Androcur - antiandrogenic, gestagennoe.

Pharmacodynamics

Oral anti-androgenic drug. Inhibits the effects of male sex hormones (androgens), in small amounts also produced by the woman’s body. It has a gestagenic, antiandrogenic and antigonadotropic action.

In men, while taking the drug, there is a weakening of sexual desire and potency, as well as a decrease in the function of the testes. These changes disappear after cessation of treatment. The drug reduces or completely eliminates the effect of androgens on the target organs (including the prostate gland).

In women, while taking Androcur, both pathologically excessive hair growth on the face and body, and hair loss caused by androgens, is reduced. In addition, the increased function of the sebaceous glands is reduced and ovarian function is inhibited during the treatment period.

Pharmacokinetics

Suction

After taking the drug inside cyproterone acetate is completely absorbed from the gastrointestinal tract. After taking 10 mg Cmax is reached in 1.5 hours and is 75 ng / ml, after taking 50 mg - 140 mg / ml. After taking the pill 100 mg Cmax reaches an average of 2.8 ± 1.1 hours. Bioavailability is 88%.

Distribution and metabolism

Plasma protein binding is about 96%. Biotransformed in the liver by hydroxylation and conjugation, the main metabolite, as determined in human plasma, is a 15β-hydroxyl derivative.

Removal

T1/2 for pills of 10 mg and 50 mg, it is equal to 43.9 ± 12.8 hours; for 100 mg, it is 42.8 ± 9.7 hours.
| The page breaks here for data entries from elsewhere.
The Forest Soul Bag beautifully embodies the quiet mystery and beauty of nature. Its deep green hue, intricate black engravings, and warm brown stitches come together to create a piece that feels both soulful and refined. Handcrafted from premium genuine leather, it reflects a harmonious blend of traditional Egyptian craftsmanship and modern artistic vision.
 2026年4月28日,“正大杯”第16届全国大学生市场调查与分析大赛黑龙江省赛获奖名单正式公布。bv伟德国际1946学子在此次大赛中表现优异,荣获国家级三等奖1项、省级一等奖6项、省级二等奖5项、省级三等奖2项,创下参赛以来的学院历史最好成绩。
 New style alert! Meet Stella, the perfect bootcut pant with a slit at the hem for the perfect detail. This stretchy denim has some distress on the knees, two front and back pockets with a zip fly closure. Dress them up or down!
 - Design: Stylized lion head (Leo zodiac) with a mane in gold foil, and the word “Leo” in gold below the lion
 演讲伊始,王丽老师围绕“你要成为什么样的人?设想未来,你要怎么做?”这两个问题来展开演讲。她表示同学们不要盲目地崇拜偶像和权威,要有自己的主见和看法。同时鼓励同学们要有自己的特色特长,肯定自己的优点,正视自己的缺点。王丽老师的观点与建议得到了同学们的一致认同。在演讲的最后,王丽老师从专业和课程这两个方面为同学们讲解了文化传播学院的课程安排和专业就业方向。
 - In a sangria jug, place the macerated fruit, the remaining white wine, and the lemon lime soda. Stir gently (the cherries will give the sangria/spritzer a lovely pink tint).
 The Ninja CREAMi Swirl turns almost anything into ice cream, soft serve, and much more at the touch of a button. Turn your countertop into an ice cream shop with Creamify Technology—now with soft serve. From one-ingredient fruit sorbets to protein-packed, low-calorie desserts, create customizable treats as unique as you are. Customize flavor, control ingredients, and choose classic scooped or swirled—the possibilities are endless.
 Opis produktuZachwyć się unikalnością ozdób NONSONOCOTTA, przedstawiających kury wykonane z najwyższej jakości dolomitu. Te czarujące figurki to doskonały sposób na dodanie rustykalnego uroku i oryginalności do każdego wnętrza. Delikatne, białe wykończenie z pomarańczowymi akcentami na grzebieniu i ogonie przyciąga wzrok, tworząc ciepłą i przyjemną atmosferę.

It is excreted in bile and urine mainly as metabolites in the ratio 3: 7.

Indications

Manifestations of moderate androgenization in women, such as:

  • moderate hirsutism (pathological body hair of the face and body of moderate severity);
  • moderate androgenic alopecia (moderately severe baldness due to androgens);
  • severe and moderate forms of acne (acne), accompanied by inflammation, nodulation or the risk of scarring, and seborrhea.

Composition

1 tablet contains:

Active substances: cyproterone acetate, micro 20 - 10 mg;

Excipients: lactose monohydrate - 63.4 mg, corn starch - 44 mg, povidone 25 000 - 1.35 mg, colloidal micronized silicon dioxide - 1 mg, magnesium stearate - 0.25 mg.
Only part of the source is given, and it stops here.